A dead mouse here makes an insect imbalance there, a population disproportion
later, a bad harvest further on, a depression, mass starvation, and, finally, a
change in social temperament in far-flung countries. Something much more
subtle, like that. Perhaps only a soft breath, a whisper, a hair, pollen on the
air, such a slight, slight change that unless you looked close you wouldn't see
it. Who knows? Who really can say he knows? We don't know. We're guessing. But
until we do know for certain whether our messing around in Time can make a big
roar or a little rustle in history, we're being damned careful. This Machine,
this Path, your clothing and bodies, were sterilized, as you know, before the
journey.

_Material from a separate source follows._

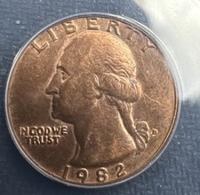 Mint Error 1982-D 25C MISSING Clad Layer OBVERSE 5.58 GRAMS AU55 Rare find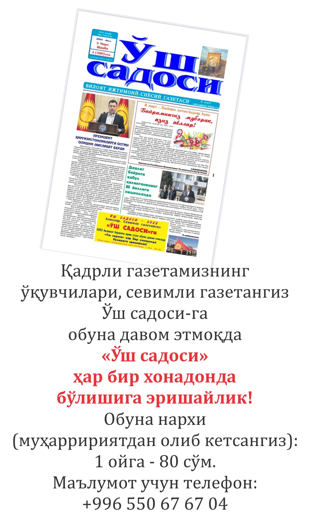 Ўш садоси сайтидаги маълумотларни кўчириш, нусхалаш, тиражлаш, тарқатиш ва бошқа усулда фойдаланиш фақат муҳарририятнинг олдиндан берган ёзма розилиги билан мумкин.

We wear these oxygen helmets so we can't introduce our bacteria into
an ancient atmosphere."

 
          
 
"How do we know which animals to
shoot?"

 
          
 
"They're marked with red paint,"
said Travis. "Today, before our journey, we sent Lesperance here back with
the Machine. He came to this particular era and followed certain animals."

 
          
 
"Studying them?"

 
          
 
"Right," said Lesperance. "I
track them through their entire existence, noting which of them lives longest.
Very few. How many times they mate. Not often. Life's short. When I find one
that's going to die when a tree falls on him, or one that drowns in a tar pit,
I note the exact hour, minute, and second. I shoot a paint bomb. It leaves a
red patch on his hide. We can't miss it. Then I correlate our arrival in the
Past so that we meet the Monster not more than two minutes before he would have
died anyway. This way, we kih only animals with no future, that are never going
to mate again. You see how careful we are?"